··· Available data
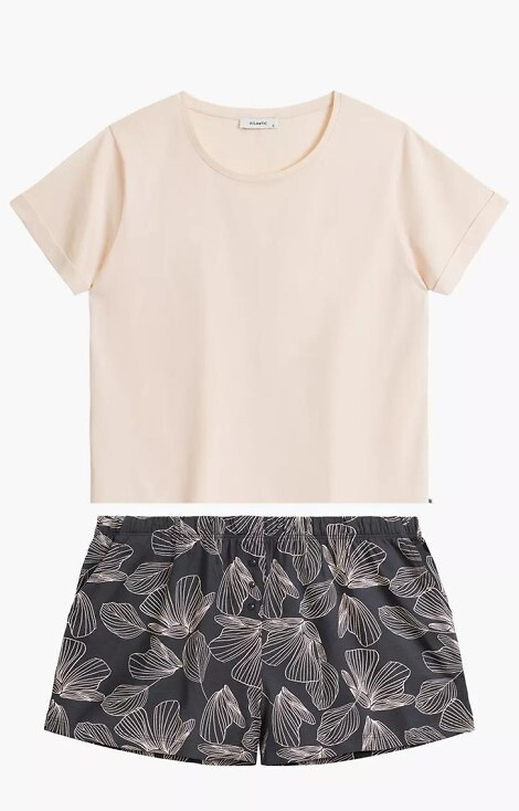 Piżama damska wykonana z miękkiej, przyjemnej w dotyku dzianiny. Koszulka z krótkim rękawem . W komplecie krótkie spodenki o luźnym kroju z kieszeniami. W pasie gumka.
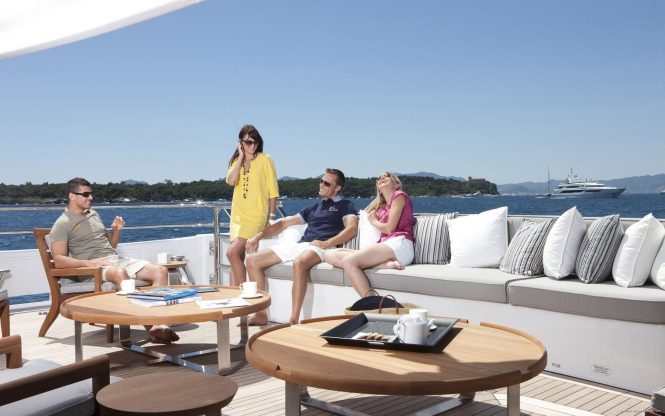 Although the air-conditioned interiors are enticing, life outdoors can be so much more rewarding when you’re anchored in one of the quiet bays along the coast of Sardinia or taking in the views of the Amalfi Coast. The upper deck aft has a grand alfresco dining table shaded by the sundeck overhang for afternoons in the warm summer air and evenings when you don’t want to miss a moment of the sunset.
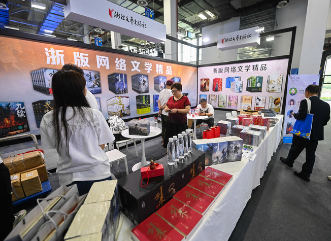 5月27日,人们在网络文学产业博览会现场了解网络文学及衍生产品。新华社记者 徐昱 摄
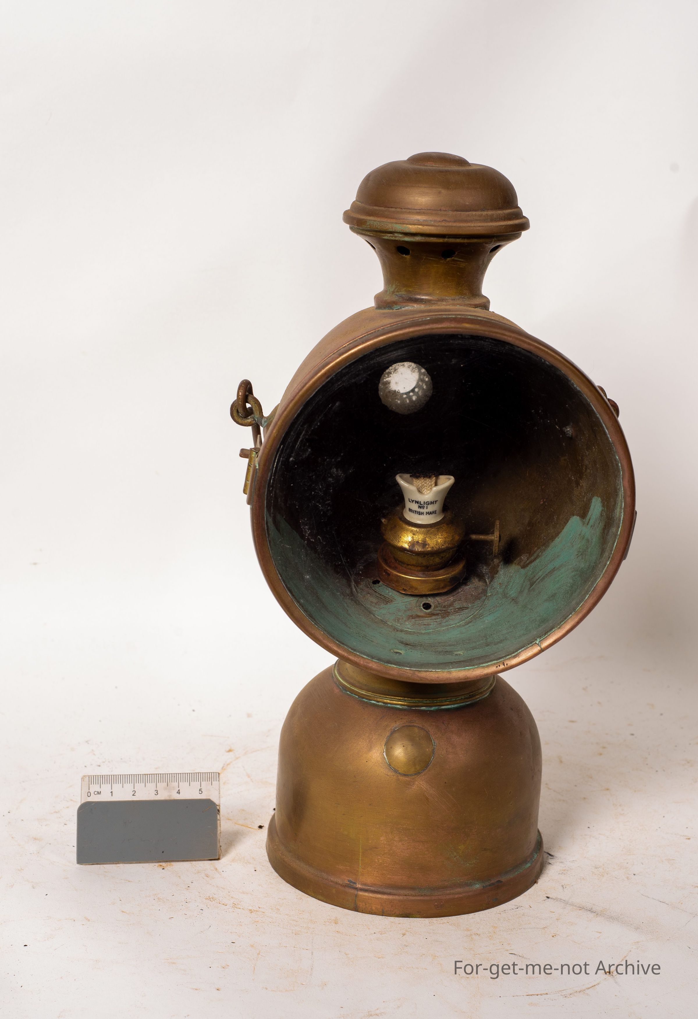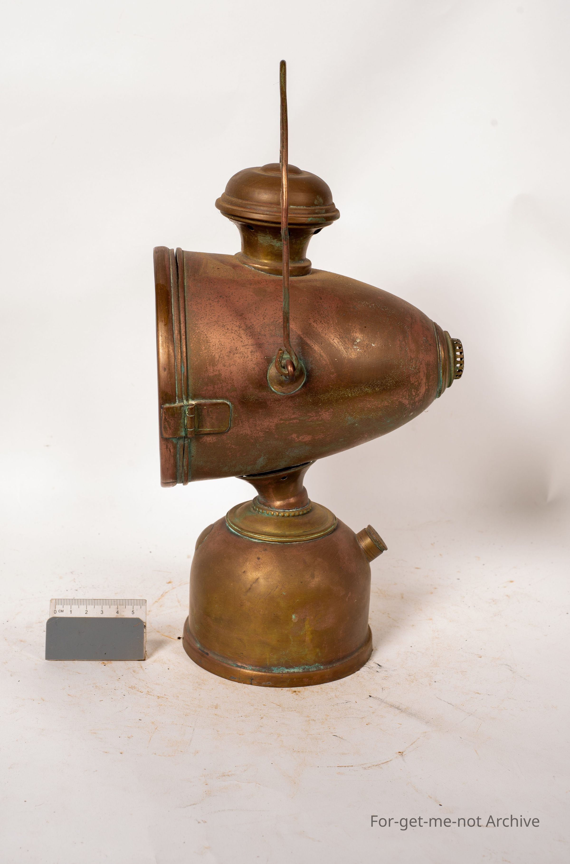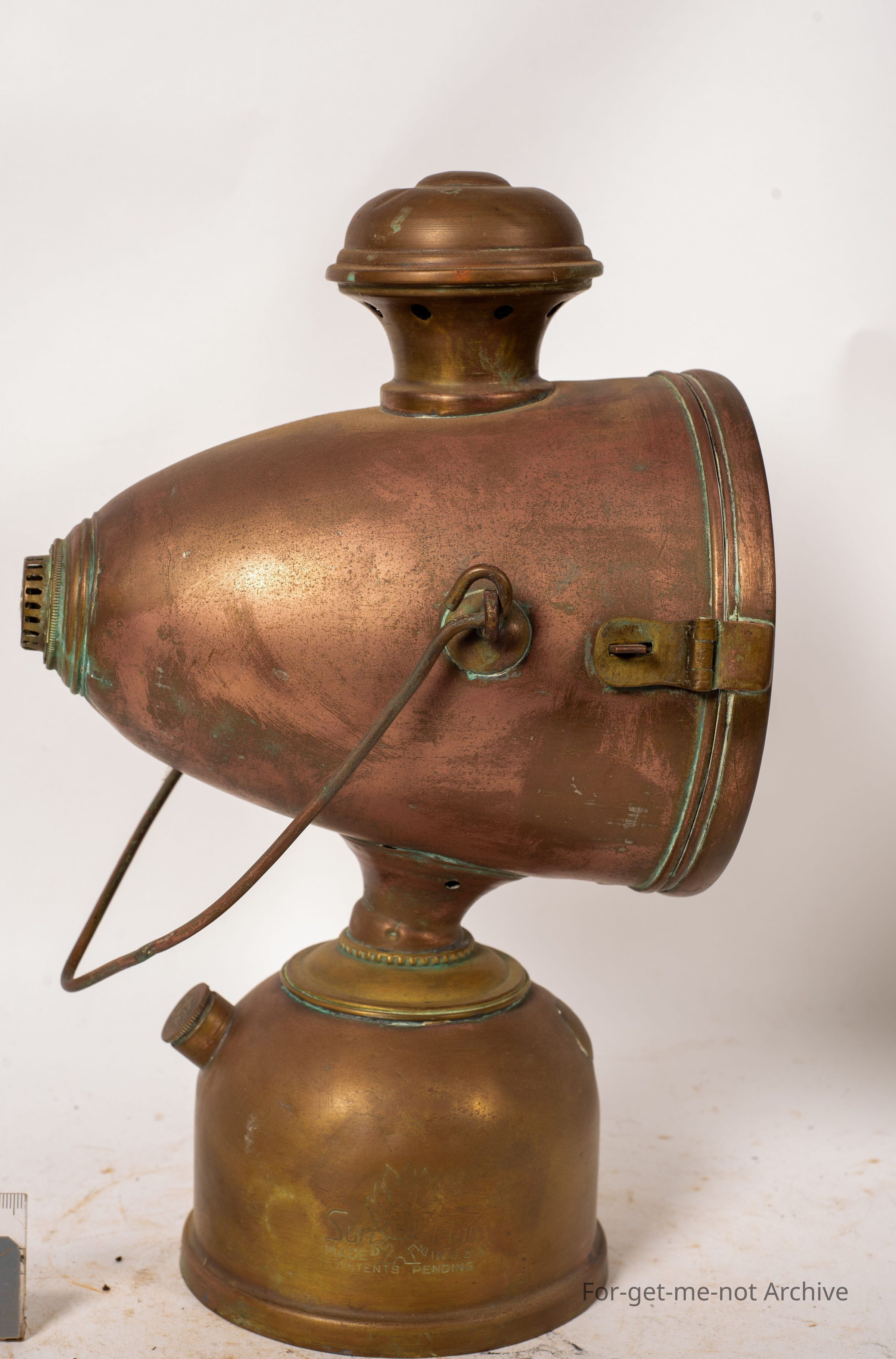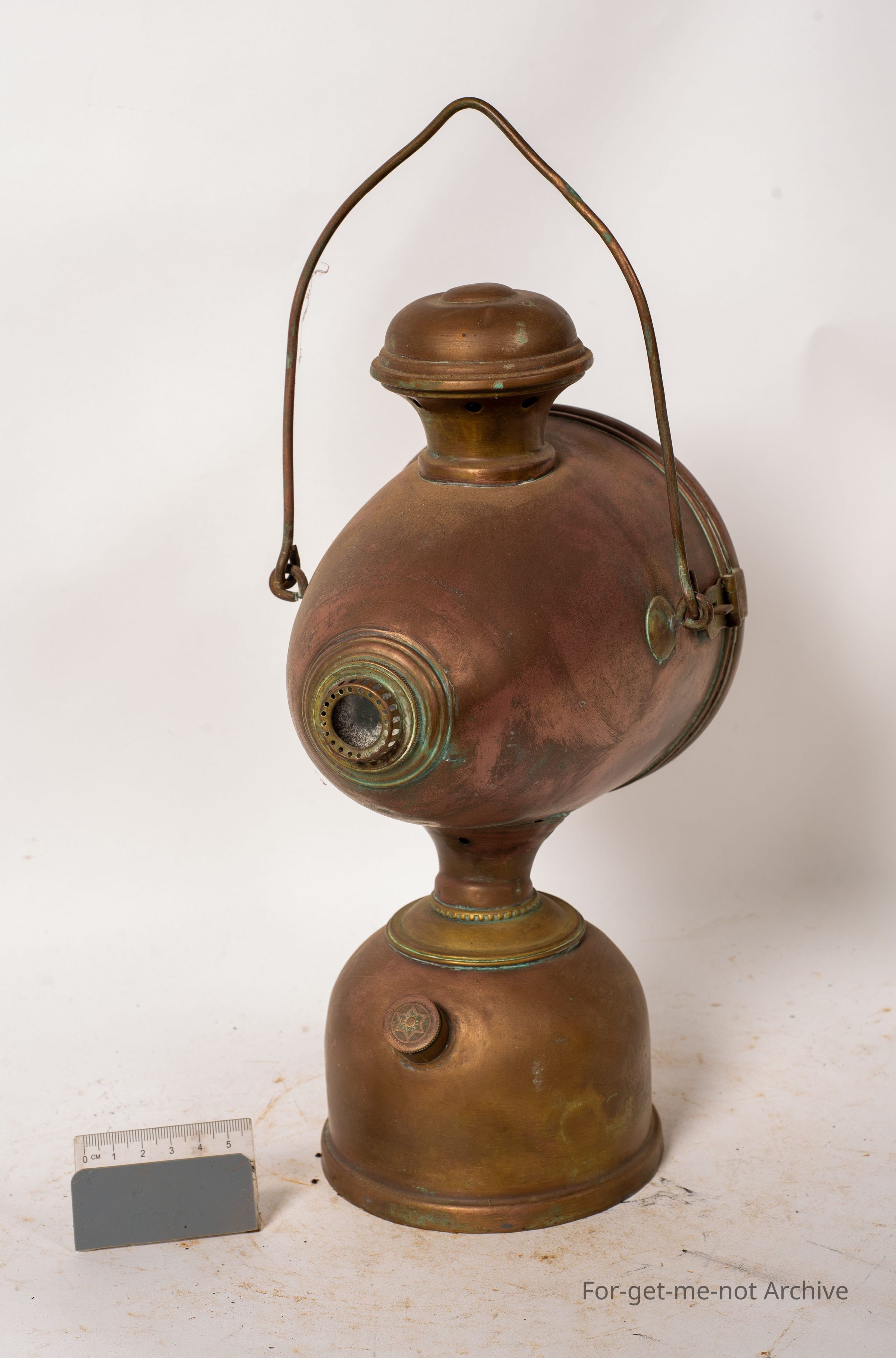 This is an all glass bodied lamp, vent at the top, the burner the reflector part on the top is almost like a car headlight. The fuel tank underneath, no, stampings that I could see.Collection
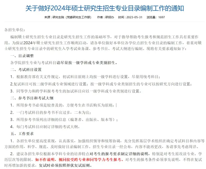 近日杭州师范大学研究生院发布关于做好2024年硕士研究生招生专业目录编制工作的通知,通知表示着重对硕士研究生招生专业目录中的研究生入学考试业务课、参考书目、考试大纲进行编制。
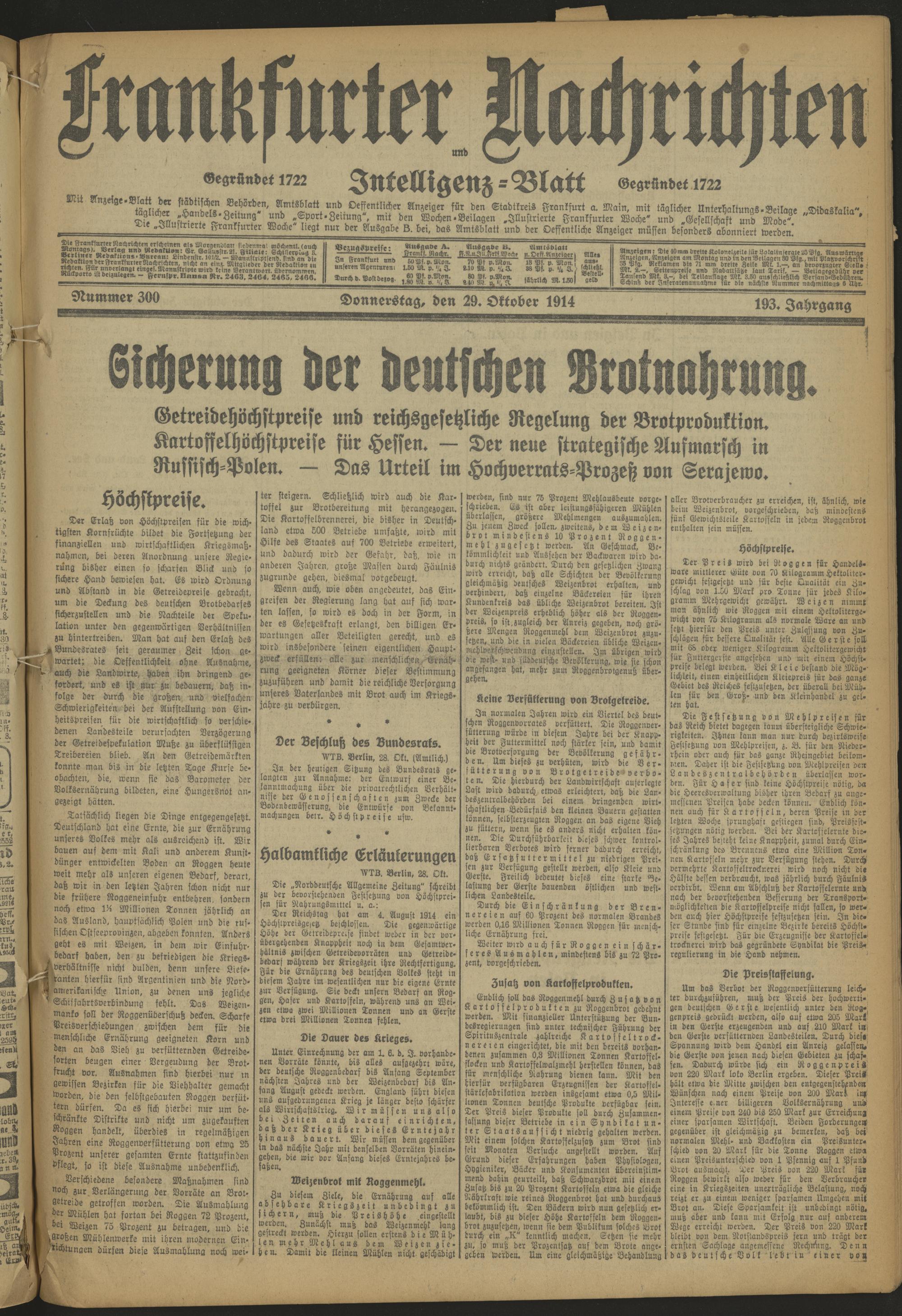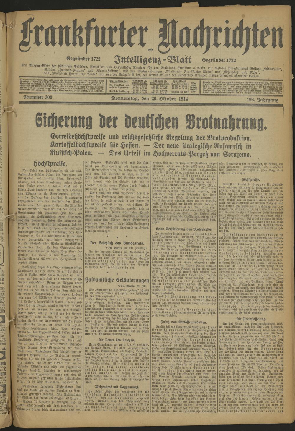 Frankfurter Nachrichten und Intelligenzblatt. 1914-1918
······
Excluding all pictures, reproduce the records exactly as they appear above.

 Piżama damska wykonana z miękkiej, przyjemnej w dotyku dzianiny. Koszulka z krótkim rękawem . W komplecie krótkie spodenki o luźnym kroju z kieszeniami. W pasie gumka.
 Although the air-conditioned interiors are enticing, life outdoors can be so much more rewarding when you’re anchored in one of the quiet bays along the coast of Sardinia or taking in the views of the Amalfi Coast. The upper deck aft has a grand alfresco dining table shaded by the sundeck overhang for afternoons in the warm summer air and evenings when you don’t want to miss a moment of the sunset.
 5月27日,人们在网络文学产业博览会现场了解网络文学及衍生产品。新华社记者 徐昱 摄
 This is an all glass bodied lamp, vent at the top, the burner the reflector part on the top is almost like a car headlight. The fuel tank underneath, no, stampings that I could see.Collection
 近日杭州师范大学研究生院发布关于做好2024年硕士研究生招生专业目录编制工作的通知,通知表示着重对硕士研究生招生专业目录中的研究生入学考试业务课、参考书目、考试大纲进行编制。
 Frankfurter Nachrichten und Intelligenzblatt. 1914-1918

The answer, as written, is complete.